I would have lied, too, had she pursued it. All through dinner with Pete Parson and Katy, this moment was all I could think about. Now that it had come, I felt about fifteen years old. There was no denying she made my heart beat faster, that since she had shoved me out of the path of that car my appreciation for her had taken a decidedly more personal bent than simple recognition of her charms.
“Look at this place,” I said, just to say something. “If the city mixed like the crowd in here, we’d have a lot less trouble.”
“Yeah, I guess,” she agreed, looking out at the jumble of black, brown, and white faces. “Not many places in the city like this.”
“Not many places like Red Hook.”
“None.”
I guzzled my scotch. “C’mon, let’s get outta here for a little while so we can talk.”
“Okay.”
We walked to the corner, turned left on Van Brunt, and strolled toward Conover.

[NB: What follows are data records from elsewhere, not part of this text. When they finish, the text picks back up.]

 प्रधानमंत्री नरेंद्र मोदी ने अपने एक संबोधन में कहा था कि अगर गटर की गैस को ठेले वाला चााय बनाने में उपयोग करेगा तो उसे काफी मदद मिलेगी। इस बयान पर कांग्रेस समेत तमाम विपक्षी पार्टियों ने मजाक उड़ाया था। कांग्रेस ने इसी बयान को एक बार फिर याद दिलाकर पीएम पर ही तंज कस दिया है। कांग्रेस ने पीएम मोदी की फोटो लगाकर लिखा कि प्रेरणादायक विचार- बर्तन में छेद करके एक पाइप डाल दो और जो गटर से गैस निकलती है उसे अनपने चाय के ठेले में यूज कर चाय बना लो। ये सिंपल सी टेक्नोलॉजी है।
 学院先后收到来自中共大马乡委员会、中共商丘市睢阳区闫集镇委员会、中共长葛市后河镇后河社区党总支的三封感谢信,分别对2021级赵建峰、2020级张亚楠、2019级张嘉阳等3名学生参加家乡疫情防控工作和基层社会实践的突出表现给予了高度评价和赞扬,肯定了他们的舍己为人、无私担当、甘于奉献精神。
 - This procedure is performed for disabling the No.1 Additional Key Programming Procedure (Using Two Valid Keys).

In stark contrast to Rip’s, the streets were eerily silent and a thick veil of fog obscured the normally brilliant lights of lower Manhattan. We, too, were silent. Now we stood at the end of Conover Street, where moot trolley tracks curved directly into oblivion.
On most nights you could look right out into the harbor from here and behold the Statue of Liberty standing up before you. Not tonight. Tonight, nature had conspired to soften the usual distractions.

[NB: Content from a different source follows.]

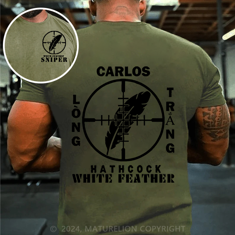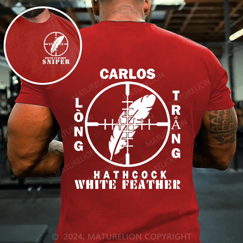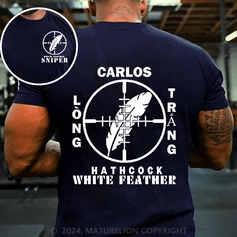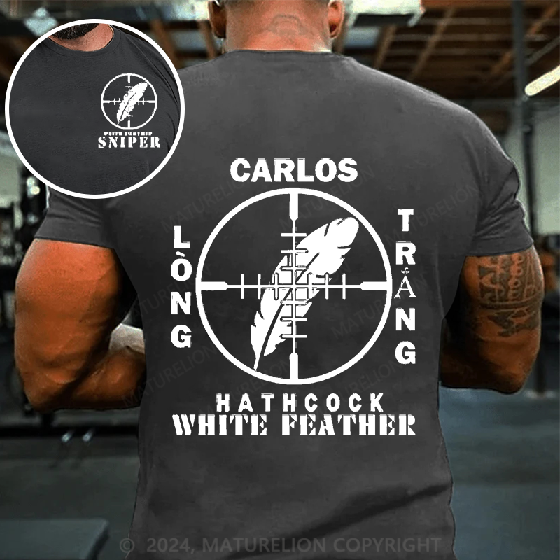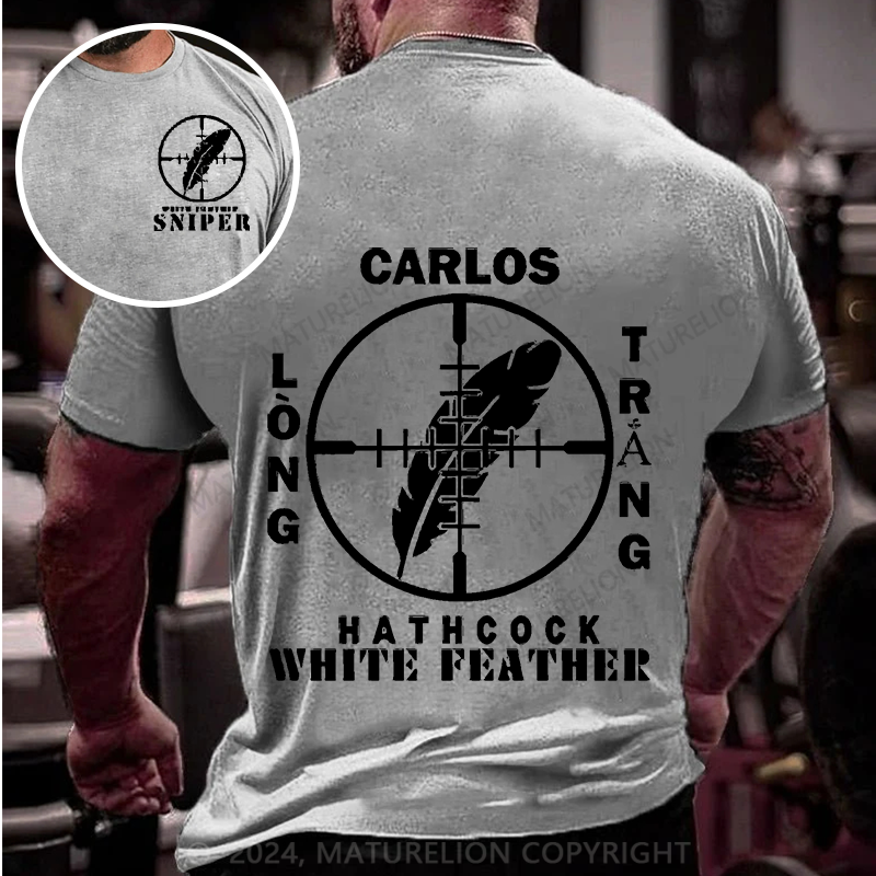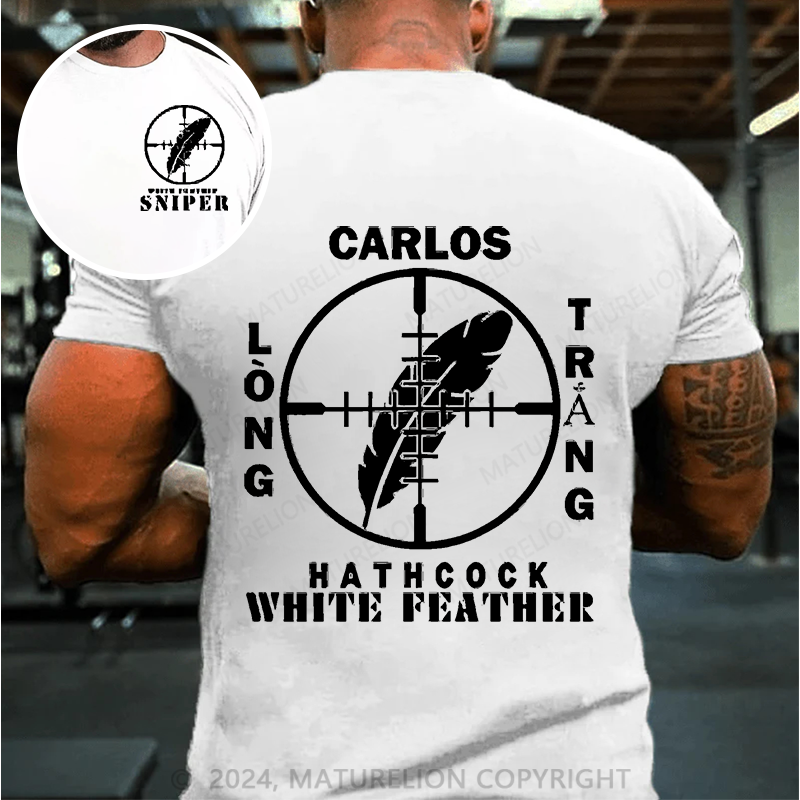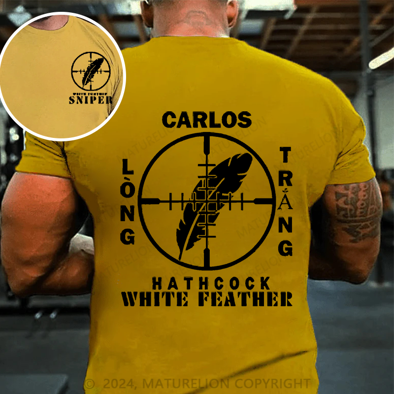 Maturelion Men's T-Shirt Sniper Carlos Hathcock White Feather Cotton T-Shirt

“My brother Aaron and me, we own wine shops,” I said, smooth talker that I was. “And we just opened up a new place on Long Island. Larry—Chief McDonald—was there for the grand opening party. We were outside talking and he handed me a cassette tape. He told me to take it home and listen.” I pulled that same cassette out of my jacket.

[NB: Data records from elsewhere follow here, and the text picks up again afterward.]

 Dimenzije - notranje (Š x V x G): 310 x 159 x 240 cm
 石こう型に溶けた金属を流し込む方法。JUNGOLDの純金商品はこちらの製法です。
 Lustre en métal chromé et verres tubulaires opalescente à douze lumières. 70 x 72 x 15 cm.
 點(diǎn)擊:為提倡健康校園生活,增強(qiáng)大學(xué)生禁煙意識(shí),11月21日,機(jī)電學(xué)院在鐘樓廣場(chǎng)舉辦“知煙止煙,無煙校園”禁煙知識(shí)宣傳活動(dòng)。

“What is it, a mix tape of ELP, Jethro Tull, and Pink Floyd?”
“A sense of humor, huh? You forgot Yes and the Moody Blues. How do you know from those bands?”
“You think I dance around my house with fruit on my head to Tito Puente and Menudo records? Some kids like dinosaurs. I liked dinosaur rock.”
“No, Carmella, it isn’t a mix tape.” I handed it to her. “It’s a recording of two detectives interviewing a drug suspect.”
“Detectives?”
“You and Murphy, specifically. The suspect was Malik Jabbar or Melvin, as you seemed to like to call him.”
Her face went blank, any hint of playfulness vanished.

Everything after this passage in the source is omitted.